I was expecting great things from this novel by British writer Howard Jacobson, not only because it had won the Booker Prize this past year but because it was heralded as one of the few genuinely comic novels to win that award. I love comic novels. And I love to see them get their due when it comes to big prizes and international recognition. It doesn’t happen often enough.
Unfortunately, The Finkler Question disappoints in almost every way imaginable. Is it possible that a comic novel could be so uniformly unfunny? There were certainly moments of levity in this otherwise dark and pessimistic tale, but I guess the reason I never bought into the jokes is because I never bought into the novel as a whole – the characters, the premise or the various Jewish-related themes it reaches for.
The Finkler Question tells the story of Julian Treslove and his friendship with two Jewish men in London who have recently become widowers – Sam Finkler and Libor Sevcik. The three men share a lugubrious evening discussing love and death and what it means to lose a wife; and on his way home from the gathering, Treslove is mugged – improbably, by a woman. As she’s forcing him against a glass window and cleaning out his pockets, the woman mutters something at Treslove that he doesn’t quite catch. At first he thinks she said “You, Jules” – a pet name his mother used to call him. But eventually he begins to think that what she really said was “You Jew!” – a case of mistaken identity (Treslove is a Gentile) and an anti-Semitic attack all rolled into one.

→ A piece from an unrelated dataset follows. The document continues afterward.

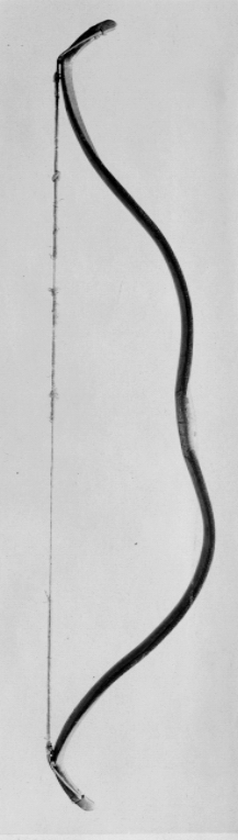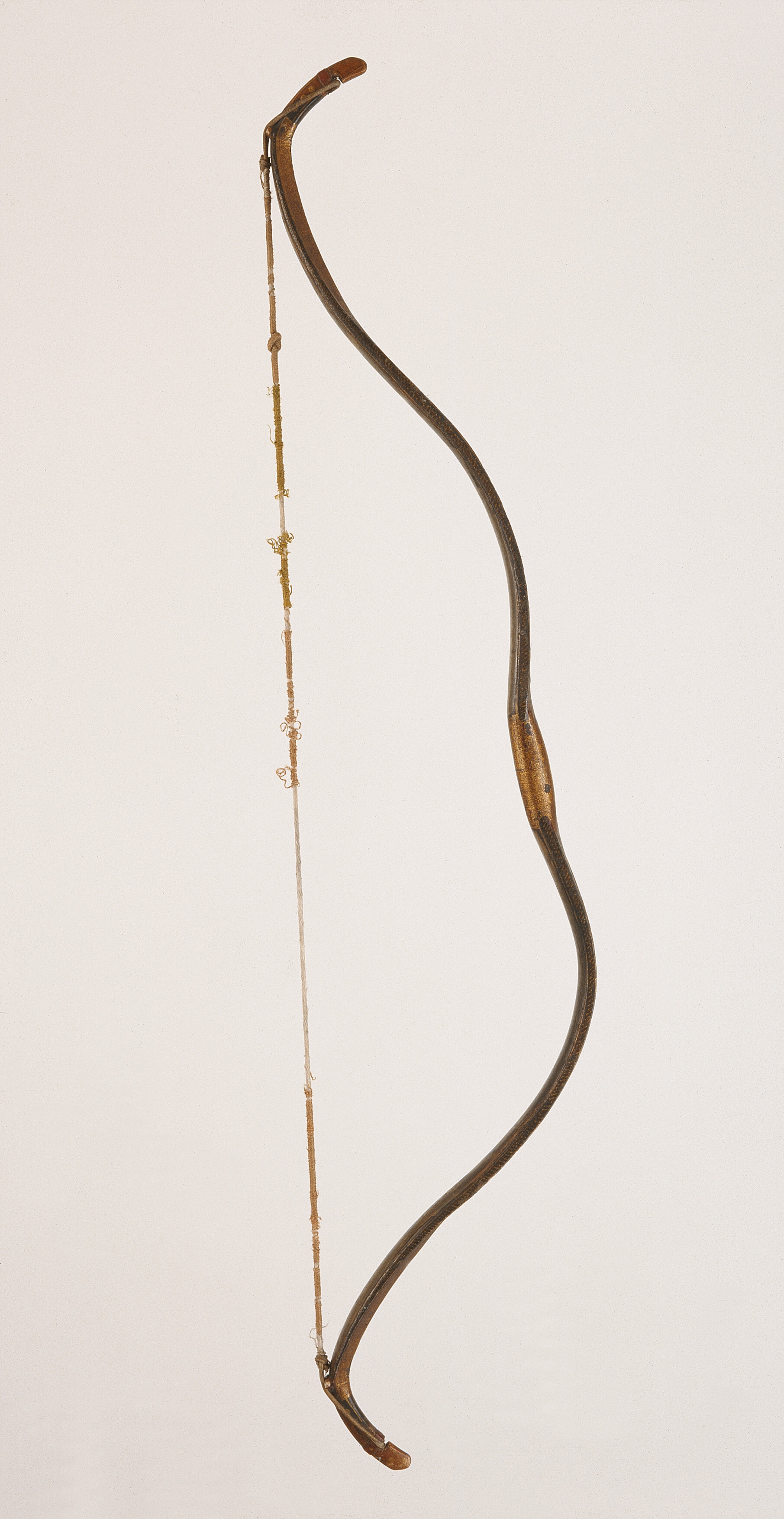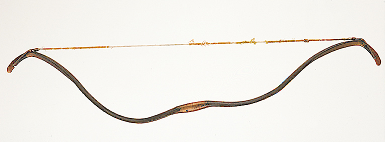 Sammansatt båge med buk av horn och rygg av läder och senor. Ryggen har förhöjda sidor. Runt handtag av läder. Två stränghållare av horn, kring öronen lindad röd remsa av läder. Dekor i form av lackmålningar i svart med guldbårder. På skuldrorna rött lack med guldstänk liksom på handlaget. Tillbehör: Bågsträngen lindad med gult och grönt silke.

It’s bad enough that Treslove’s ruminations about the attack – that he was manhandled by a woman, that he’s confused over what she said to him, and that someone could mistake him for a Jew – go on and on and ON for several overwritten pages. But what’s worse is that this attack precipitates a premise to the story that is so ludicrous, so far-fetched that I felt the need to put the book down lest I toss across the room. (Don’t get me wrong: I have no beef with absurd premises per se, provided they exist believably within the world of the novel. But this is The Finkler Question’s biggest problem: its absurd premise cannot do this because the world of the novel does not exist.) Predictably, Treslove uses the attack as an excuse to adopt and analyze a Jewish identity that he doesn’t even possess. He begins to see his friend Sam Finkler as the embodiment of Jewishness, and thus begins referring to all Jews as Finklers. (Hence the title of the book.)
Meanwhile, Finkler and Libor assume roles upon a kind of quasi-political spectrum: Finkler joins something called the ASHamed Jews, a group that derides the existence of Israel; Libor, in kind, comes to represent a more conservative vision of Judaism, though he’s unwilling to help a woman whose grandson was the victim of an anti-Semitic attack. It also comes to light that Treslove once had an affair with Finkler’s diseased wife. And he also begins a relationship with another “Jewess”, the mysterious and alluring Hepzibah.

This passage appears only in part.